Curiosity reached the planet in August 2012 and set out to determine whether Mars had ever had the right environmental conditions to support microbes. It did find other chemical and mineral evidence of past habitable environments on Mars.
“The big burning question was what Mars was like millions of years ago,” Upmanyu says.
The sulfur crystals are a very good geological tool, he says, to reconstruct the history of the planet. Scientists might be able to answer a lot of questions, he says, from what the inner core and magma on Mars are like to what happened to the water that made channels and grooves discovered by the science team and rovers.
“If we can conclude that, yes, these sulfur crystals on the surface of Mars were formed by a process like hydrothermal vents or volcanic activity, this is giving us information about the temperature and pressure on Mars at those points [of time] as well as the chemical composition of Mars,” Upmanyu says.
Currently, Mars has a very thin atmosphere that is carbon dioxide rich.
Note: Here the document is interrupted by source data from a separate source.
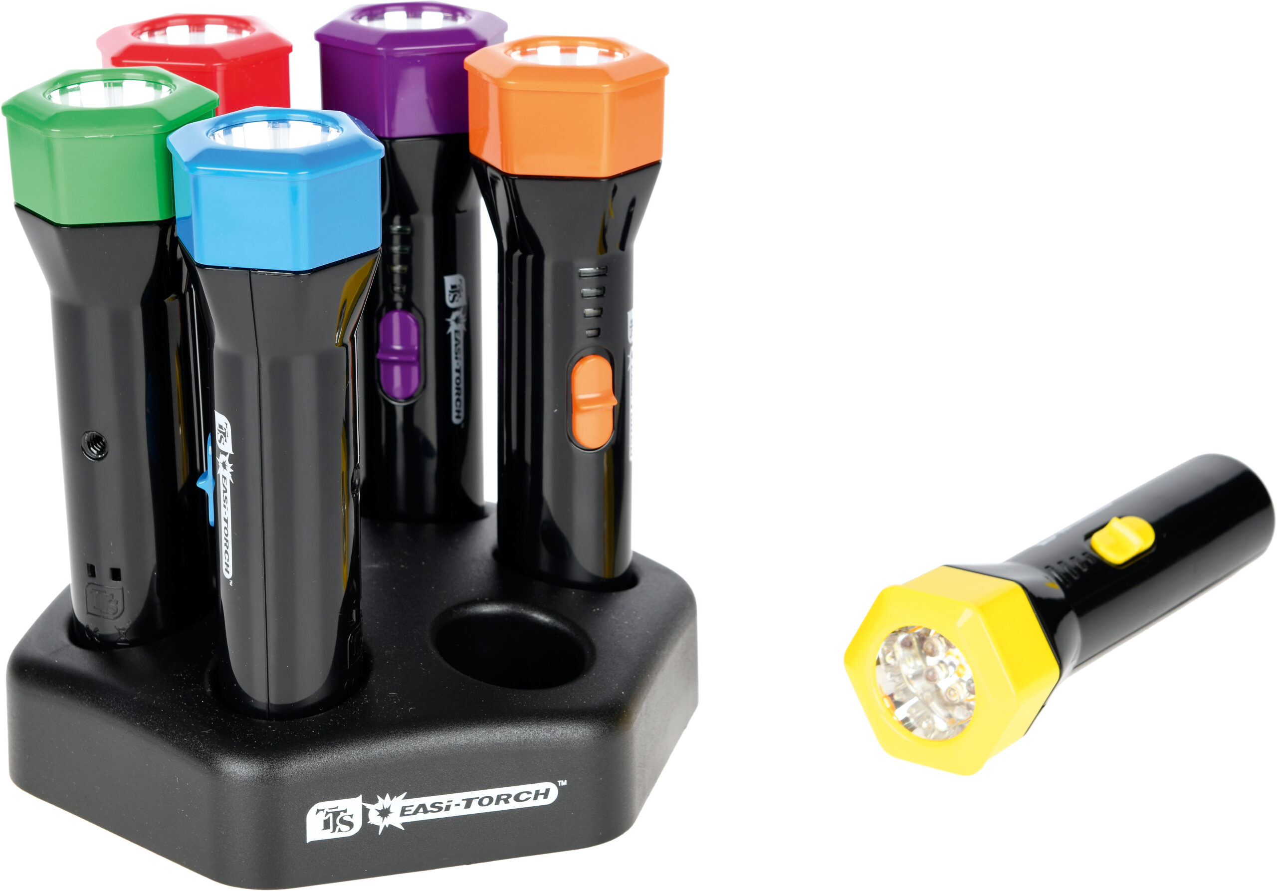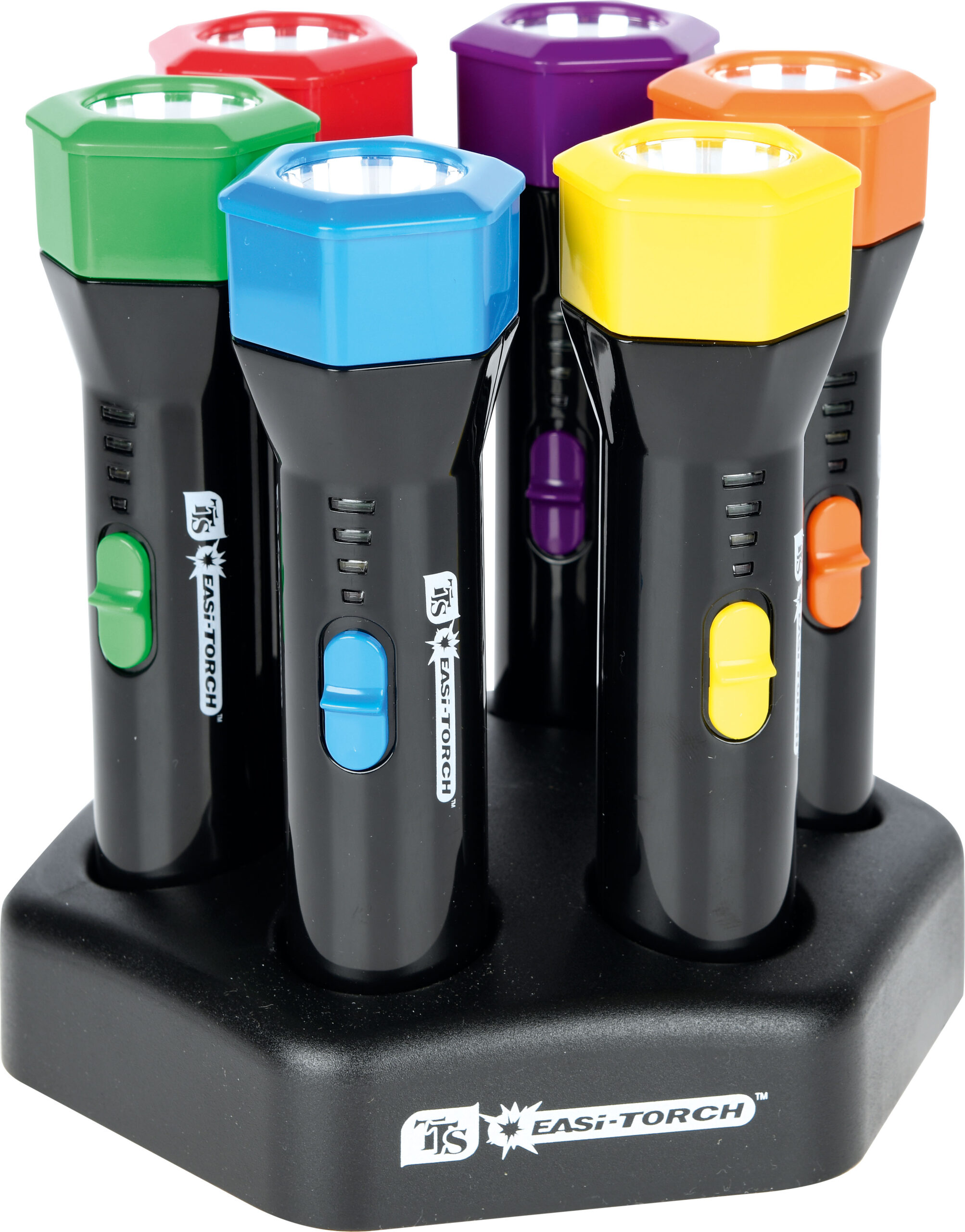 Į komplektą įeina įkrovimo pagrindas ir 6 vnt. žibintuvėlių.
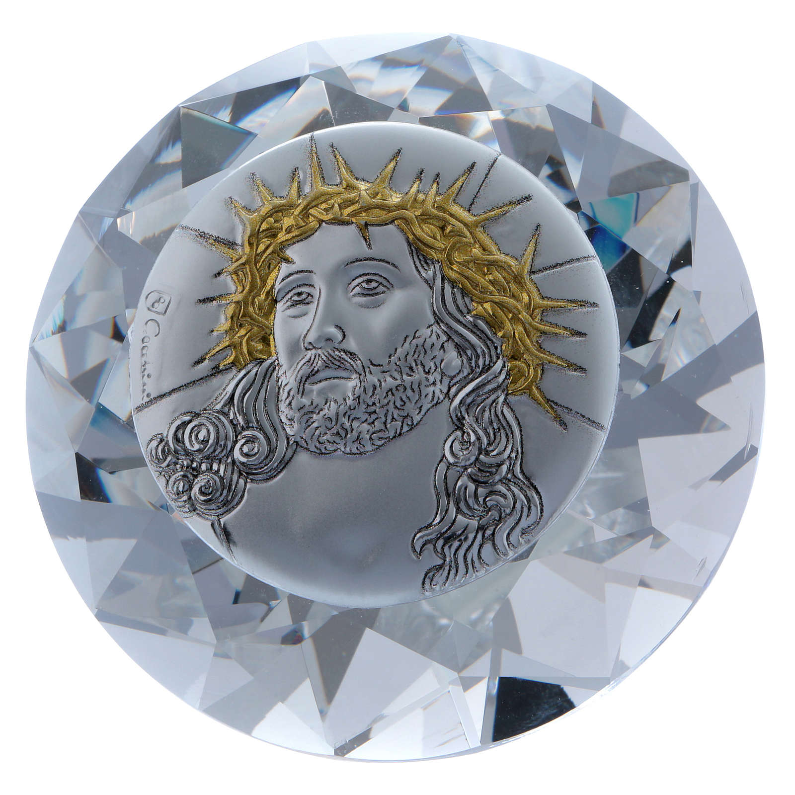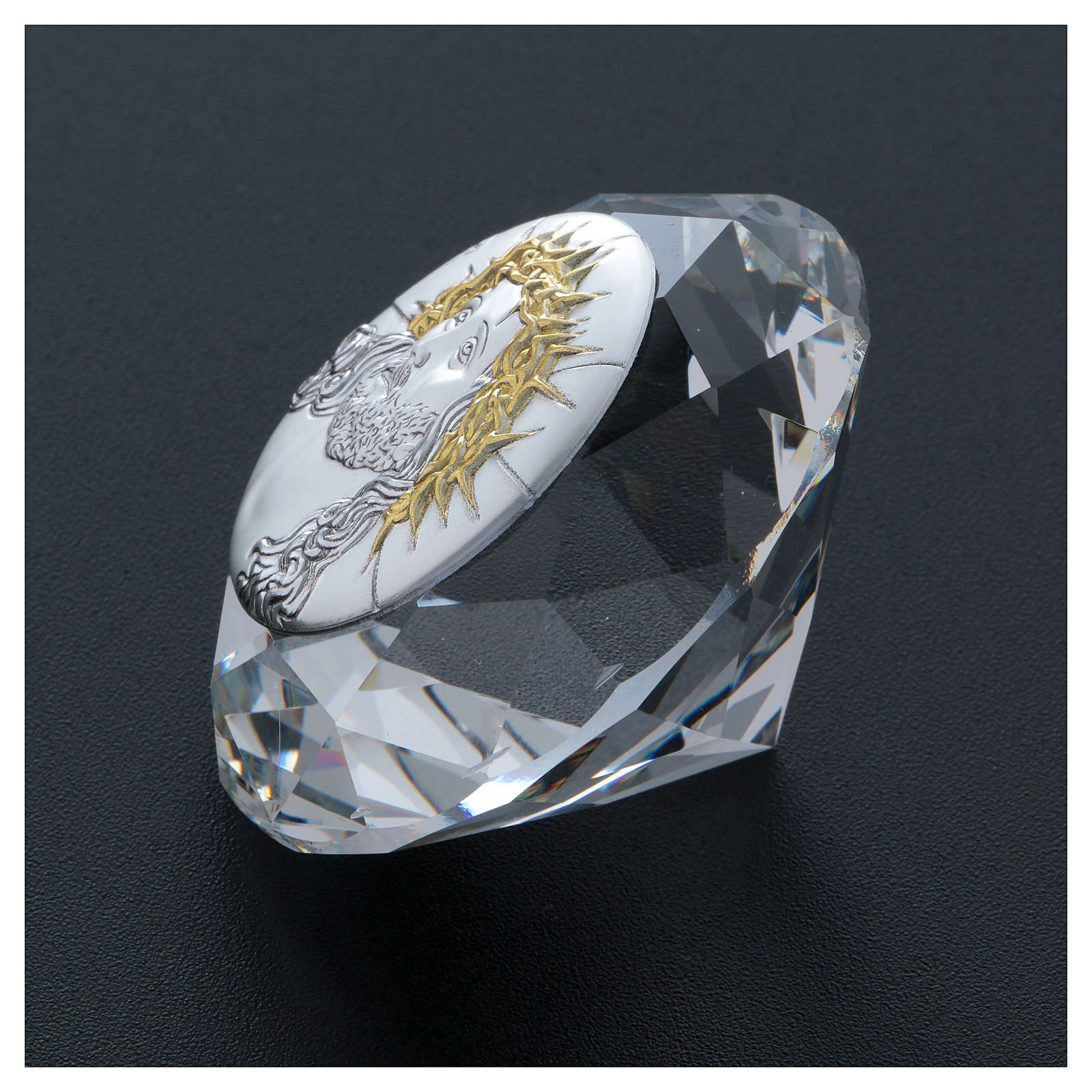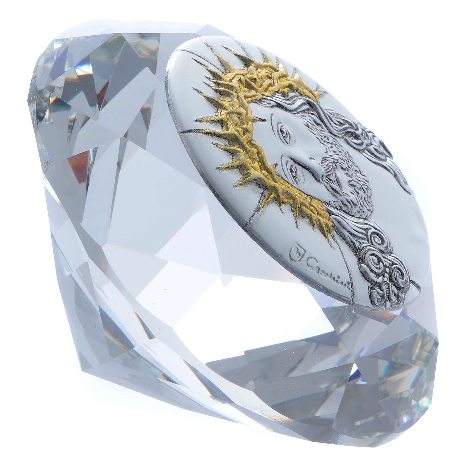 Diamant avec plaque métal Ecce Homo 4 cm. Diamant en cristal décoré d'une plaque en aluminium avec image Ecce Homo.
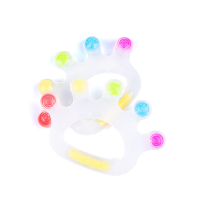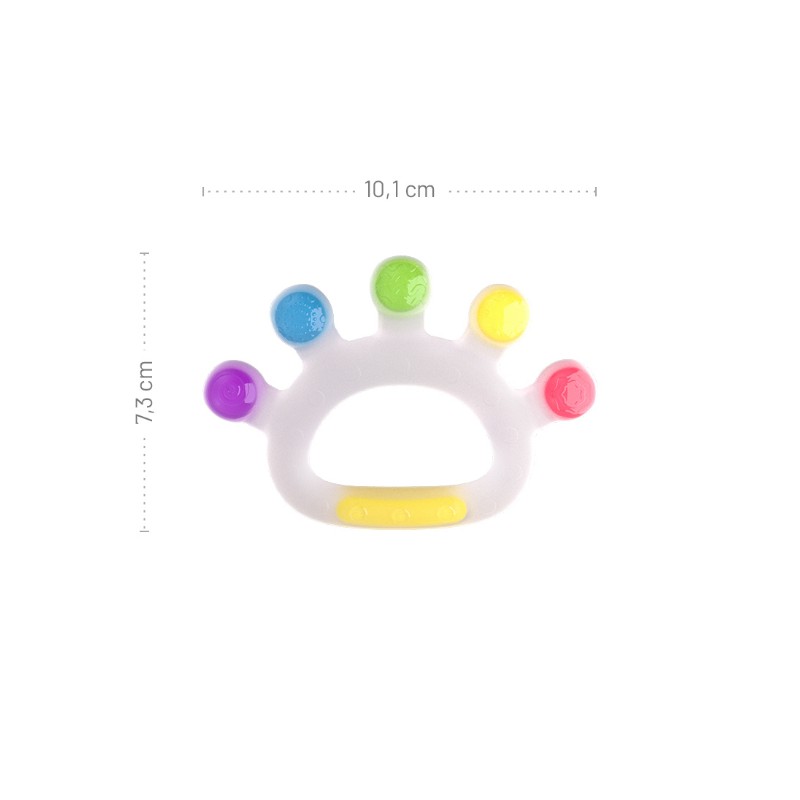 Gryzaczek KORONA, wykonany z bezpiecznego silikonu jest niezastąpiony podczas ząbkowania. Lekki, poręczny, łatwy do uchwycenia i trzymania w dziecięcych rączkach zapewni maluchowi mnóstwo zabawy i przyniesie ulgę w trudnym czasie ząbkowania.
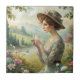 Une dame dégustant une tasse de thé dans un jardin fleuri
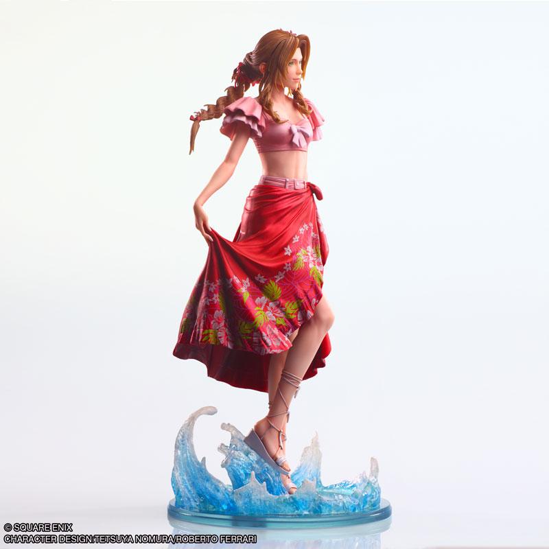 來自《Final Fantasy VII Rebirth》,擁有溫柔純潔心靈並支持夥伴的艾莉絲·蓋恩茲博羅以泳裝造型登場。柔和的粉色上衣與鮮豔花朵圖案沙龍在夏日陽光下華麗映襯,帶著微笑的表情療癒人心。從髮飾與編織髮型的細緻造型,到輕盈展開的裙擺布料表現,都在重視角色特質的前提下精心重現。採用透明材質的台座設計靈感來自往復的海浪,將足尖輕觸浪花的姿態如實呈現,宛如擷取夏日海邊佇立的夢幻時刻。

The temperature on the red planet ranges from 70 degrees Fahrenheit to -225 degrees Fahrenheit.
“These sulfur crystals may have been formed millions of years ago,” he says. “So we are now able to reconstruct how historically the surface of Mars evolved over time, how temperature evolved, how this planet cooled, what was the chemistry as it cooled.”
On Earth, sulfur is used for rubber vulcanization in the automotive industry to make car tires durable and shock resistant. It is also the main source of sulfates in the skin care industry.
Maybe, Upmanyu says, pure Martian sulfur can be of some use to humans as well.
“I should say sulfur is not so technologically relevant,” he says. “But the possibility exists for other, more technologically relevant pure metal materials to exist there.”